Verified Scores

How skill satisfaction ratings accumulate into verified model scores

Verified scores track how well each LLM model performs for each skill operation. After a skill completes, users rate the result on a 1–5 scale; these ratings accumulate into per-model, per-operation scores that help choose the best model for a given task.

How Scores Are Collected

At the end of each skill run, the workflow prompts:

How well did this skill work? (Rate 1–5, helps improve model selection)

The raw rating maps to a 20–100 internal scale (1 → 20, 2 → 40, 3 → 60, 4 → 80, 5 → 100). Each rating updates the running average for the current model and operation.

Skills that collect feedback: /aitask-pick, /aitask-explore, /aitask-explain, /aitask-changelog, /aitask-wrap, /aitask-refresh-code-models, /aitask-reviewguide-classify, /aitask-reviewguide-merge, /aitask-reviewguide-import, /aitask-web-merge.

Feedback collection is controlled by the enableFeedbackQuestions field in execution profiles. It defaults to true (enabled); set to false to suppress the prompt.

Score Scale

RangeLabelMeaning
0Not verifiedUntested or unknown quality
1–49Partially verifiedWorks but with known issues
50–79VerifiedWorks well for most cases
80–100Highly verifiedExtensively tested, recommended

Time Windows

Scores are stored in three time-windowed buckets so recent performance is visible alongside the historical average:

BucketPeriod keyDescription
all_time(none)Cumulative across all ratings
monthYYYY-MMCurrent calendar month; resets when the month changes
weekYYYY-WwwCurrent ISO 8601 week; resets when the week changes

Each bucket tracks runs (number of ratings) and score_sum (sum of mapped scores). The all-time average is also stored in the flat verified field for backward compatibility.

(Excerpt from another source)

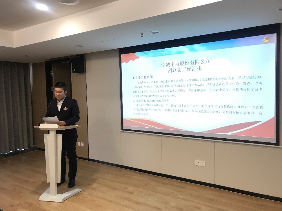 2018年11月20日,共青團(tuán)寧波中百股份有限公司總支委員會召開全體團(tuán)員大會,進(jìn)行換屆選舉。會議在莊嚴(yán)肅穆的國歌聲中正式開始,團(tuán)總支書記陳佳琦代表上屆團(tuán)總支作工作報(bào)告。

Provider-Specific vs All-Providers

The same LLM can be available through different providers (e.g., openai/gpt-5.4 and opencode/gpt-5.4). Verified scores are stored per provider, but consumers can aggregate them across providers to show a single cross-provider view:

  1. Strip the provider/ prefix from each model’s CLI ID to get the normalized model name
  2. Group entries with the same normalized name across all models_*.json files
  3. Sum runs and score_sum from matching buckets across the group
  4. For month and week, only aggregate entries with the same period value

This aggregation is performed at read time – no duplicate values are stored. ait settings and ait stats both implement this aggregation.

Where Scores Appear

  • Settings TUI – The Agent Defaults tab shows verified score context next to each model ([96 (9 runs, 2 this mo)]). The model picker opens with a Top Verified list. The Models tab shows per-operation scores with run counts and all-providers summaries
  • ait stats – Prints verified model score rankings per skill with all-providers aggregation and time-windowed display. With --plot, renders bar charts per skill

Storage

Scores are stored in aitasks/metadata/models_<agent>.json alongside model definitions. See the model entry schema for the full verifiedstats structure.